Help From Preservica
The DNA-related material contributes to a lot of data being loaded into the Wellcome Library’s digital archive. It runs largely on systems from specialist provider Preservica, with which the library has a commercial relationship. Production and development software provided by the latter is, according to the Wellcome Library, integrated into systems operated by the Wellcome Trust.
The Wellcome Library says its collection is held on a Preservica Enterprise Edition digital preservation platform. It includes 85,000 items, such as books, posters, paintings, and videos. On average, 11,000 users per month view an item. The third party’s software is used to manage and store the library’s digitized and born-digital collections. Dave Thompson, the Wellcome Library’s digital curator, says the digital content is stored locally. As of November 2015, it is 21TB in size and “contains approximately 14 million Jpeg2000 images and about 1,000 born digital collections.”
Thompson explains, “The choice of Jpeg2000 (part1) as a master format for digitization was partly made on the basis that this format is perceived to have a long and stable life. When that format becomes obsolete, as it inevitably will, Preservica will assist the library in migrating that content into another format. The same applies to the diverse range of formats that form the born digital collection.”
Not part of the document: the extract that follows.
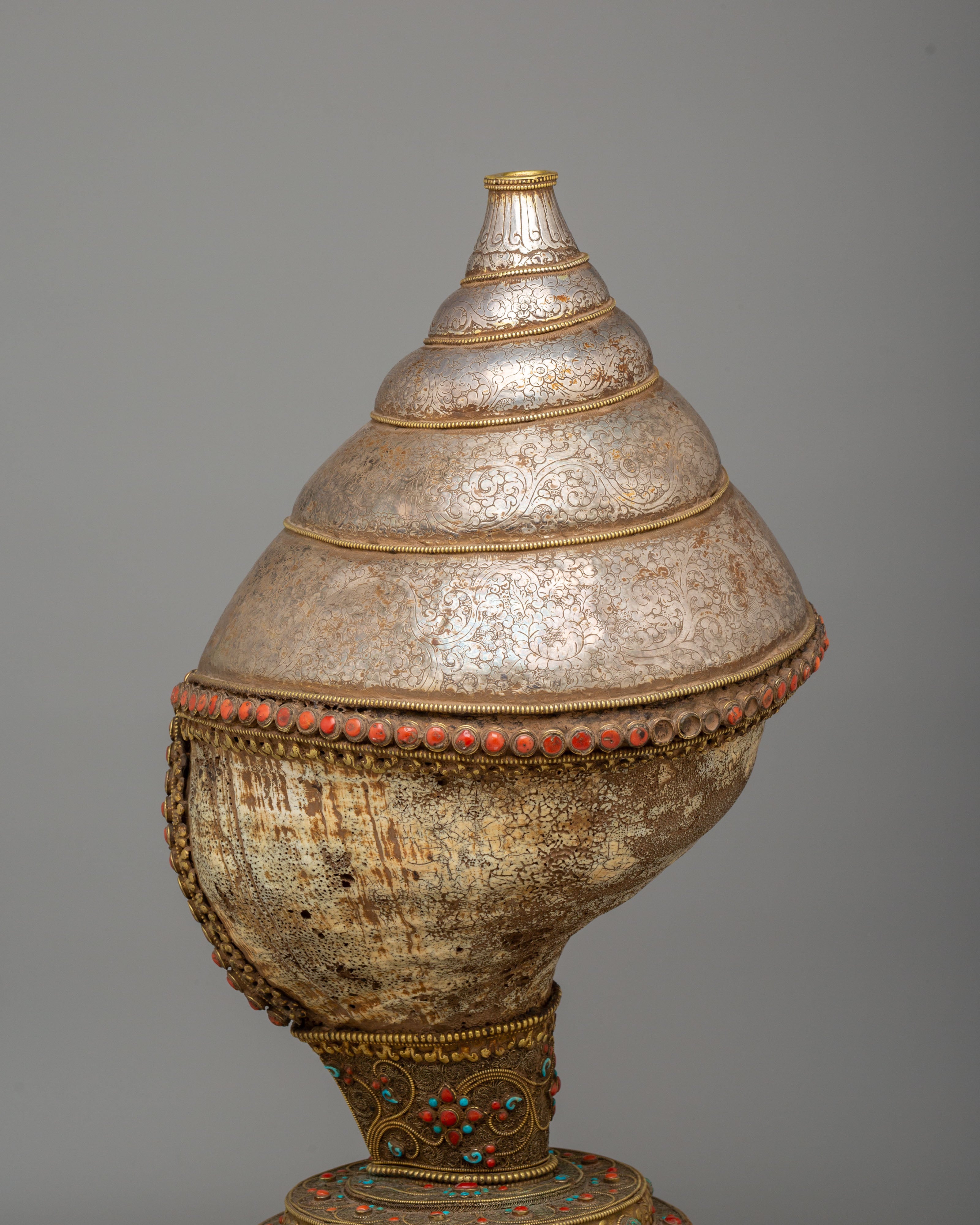 This rare Sankha is ideal for collectors and those who appreciate meaningful spiritual art. It brings a sense of tradition, blessing, and refined beauty into any space. The antique conch shell decor, luxury Sankha piece, silver filigree artwork, gemstone ritual object, sacred home decor, and high-end spiritual display make this piece truly special and valuable.

He adds that the platform housing the archive has three core functions. “It provides a secure managed environment within which we can store our digital assets. It also provides a set of decision support tools that allow the library to fully understand what is held and how to manage that content. And it also provides a platform out of which content can be disseminated.” Library users have no direct access to the platform or its content, “which is good from a data security perspective,” says Thompson.
‘Future-Proofing’ the Wellcome Library
The Wellcome Library also uses the Goobi open source software to track and manage digitized content, while metadata and page layout, formatting, and tagging software are used to provide access to digital content and to make it searchable. Nevertheless, backup or replication, as every old IT hand knows, is the key to preservation.
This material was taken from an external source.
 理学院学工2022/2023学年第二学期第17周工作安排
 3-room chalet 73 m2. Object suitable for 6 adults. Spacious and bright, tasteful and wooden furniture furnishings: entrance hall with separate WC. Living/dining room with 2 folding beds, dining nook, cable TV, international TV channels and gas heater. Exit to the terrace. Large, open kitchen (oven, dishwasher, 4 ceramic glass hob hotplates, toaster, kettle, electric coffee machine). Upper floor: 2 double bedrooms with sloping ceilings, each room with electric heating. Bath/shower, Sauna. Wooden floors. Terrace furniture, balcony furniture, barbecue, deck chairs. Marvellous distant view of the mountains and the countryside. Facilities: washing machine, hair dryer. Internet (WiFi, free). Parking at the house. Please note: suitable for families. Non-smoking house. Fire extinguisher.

According to Thompson, the Wellcome Library does not back up digital content held in the Preservica system. “In reality the 1 terabyte of data is too large a body to back up on a nightly basis.” Instead, he says, the library works with the Wellcome Trust’s IT department, “to ensure that data is included in the replication strategy that is part of the Trust’s overall IT strategy. This means that, in real time, live data is replicated to two offsite storage nodes. Thus we have data security and the comfort of being able to restore content in the event of bad things happening.”
As for dealing with potential obsolescence, the Wellcome Library uses lifecycle management to help address digital preservation issues. For example, it allows for the identification of all individual file formats, says Thompson. “This supports decision making around what formats are current and viable, and decision-making around which formats may be obsolete. Definitions of obsolescence vary but preservation interventions are designed to ensure that data remains in a form that is accessible.” Support tools are available that can migrate obsolete formats to more current ones, a process that may be automated by using workflow software.
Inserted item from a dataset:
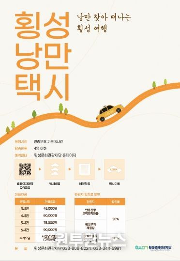 한편, 낭만택시 이용 방법과 상세한 할인 일정은 향후 횡성문화관광재단 누리집(홈페이지)을 통해 공지될 예정이다.

These and other software tools and techniques are being used to, as the Wellcome Library puts it, “future-proof” the digital archive. It’s certainly clear that the library is churning out large amounts of digitized data. “Figures for the production of digitized content can vary over time,” says Thompson. “Over the summer of 2015 we were ingesting over a terabyte per month [and] peaking in July at 1.43 terabytes.” The average volume of data ingested per month over the past 6 months is 0.88 TB. According to Thompson, this equates to 1,671,200 individual files. However, he says “the key measure of success for the library’s overall digitization strategy is not the volume of content ingested but the number of items that can be made available online to library users.”